Exercise description — Below are records with pictures. Transcribe exactly, and only, the lines from the line with "VARATTU! Annetaan keittiön" to the line with "Amasya'ya mart ayında", both ends included, but not the pictures.

Extracted material —
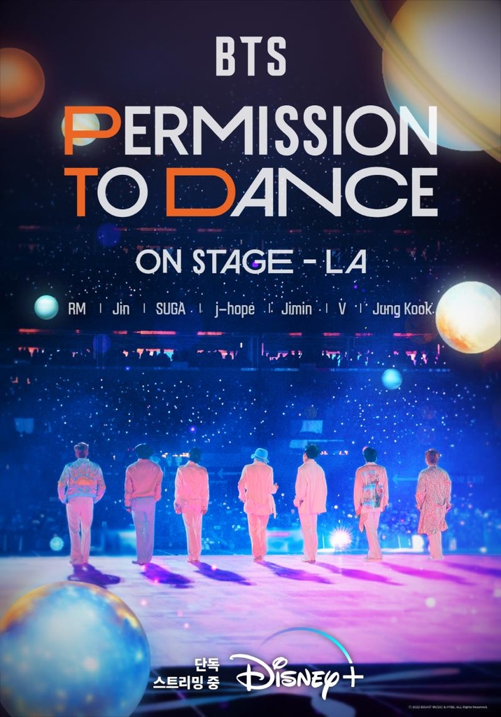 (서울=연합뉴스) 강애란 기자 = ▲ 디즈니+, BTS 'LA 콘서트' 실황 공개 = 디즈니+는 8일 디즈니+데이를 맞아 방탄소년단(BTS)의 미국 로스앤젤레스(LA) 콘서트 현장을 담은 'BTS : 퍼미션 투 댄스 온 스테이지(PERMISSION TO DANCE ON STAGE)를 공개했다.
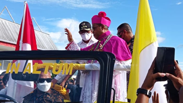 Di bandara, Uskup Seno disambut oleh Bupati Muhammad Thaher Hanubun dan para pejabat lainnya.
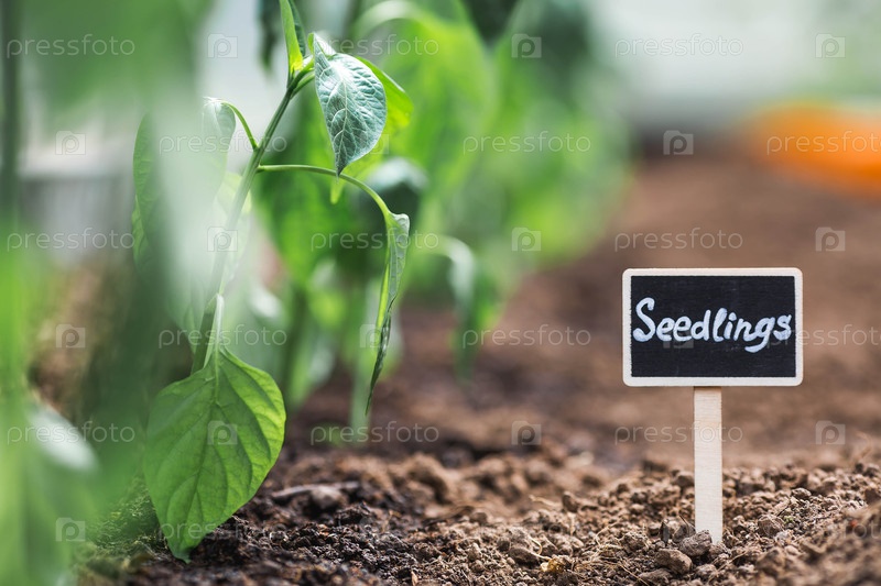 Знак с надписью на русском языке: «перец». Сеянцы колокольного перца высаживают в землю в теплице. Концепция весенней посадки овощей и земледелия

* * *

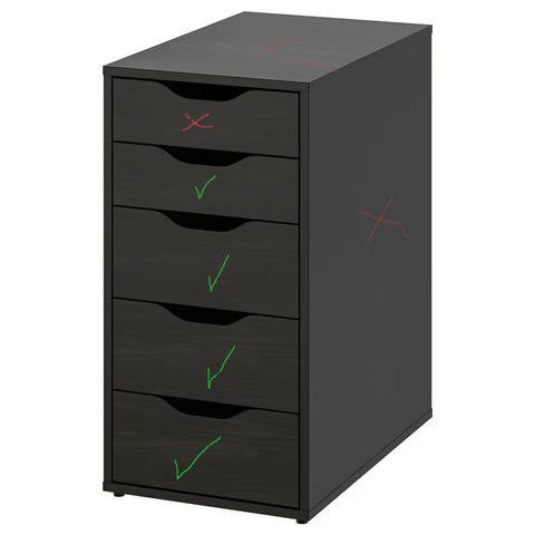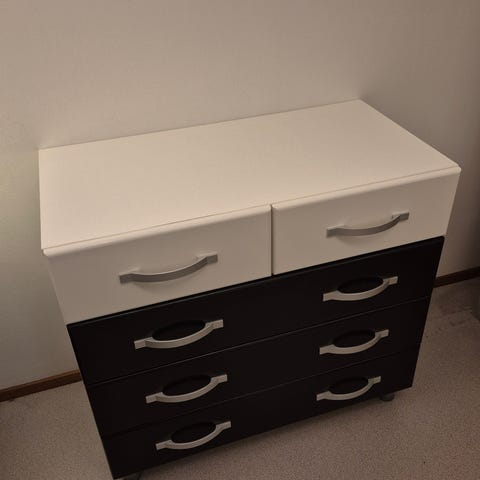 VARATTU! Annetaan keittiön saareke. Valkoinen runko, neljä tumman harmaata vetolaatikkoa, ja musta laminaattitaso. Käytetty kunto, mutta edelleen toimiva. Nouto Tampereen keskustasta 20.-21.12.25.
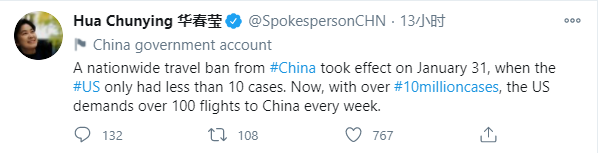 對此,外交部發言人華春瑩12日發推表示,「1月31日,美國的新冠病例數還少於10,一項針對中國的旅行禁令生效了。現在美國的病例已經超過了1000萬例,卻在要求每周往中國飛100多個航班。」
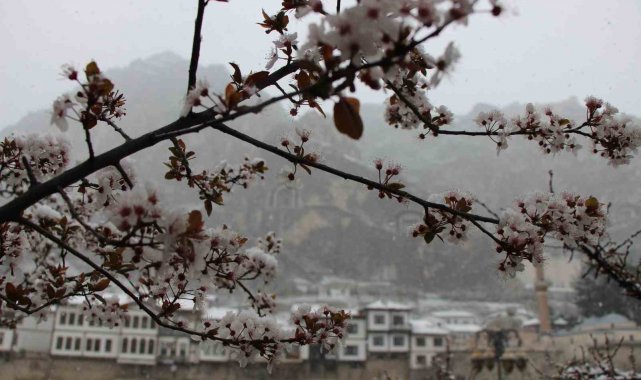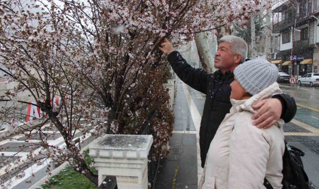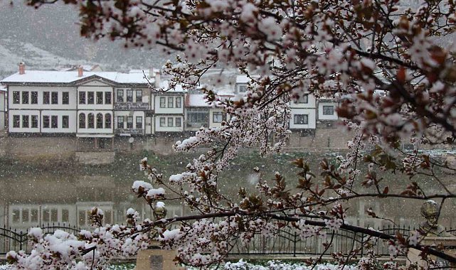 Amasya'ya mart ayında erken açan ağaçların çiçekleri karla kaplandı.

Expected output —
 VARATTU! Annetaan keittiön saareke. Valkoinen runko, neljä tumman harmaata vetolaatikkoa, ja musta laminaattitaso. Käytetty kunto, mutta edelleen toimiva. Nouto Tampereen keskustasta 20.-21.12.25.
 對此,外交部發言人華春瑩12日發推表示,「1月31日,美國的新冠病例數還少於10,一項針對中國的旅行禁令生效了。現在美國的病例已經超過了1000萬例,卻在要求每周往中國飛100多個航班。」
 Amasya'ya mart ayında erken açan ağaçların çiçekleri karla kaplandı.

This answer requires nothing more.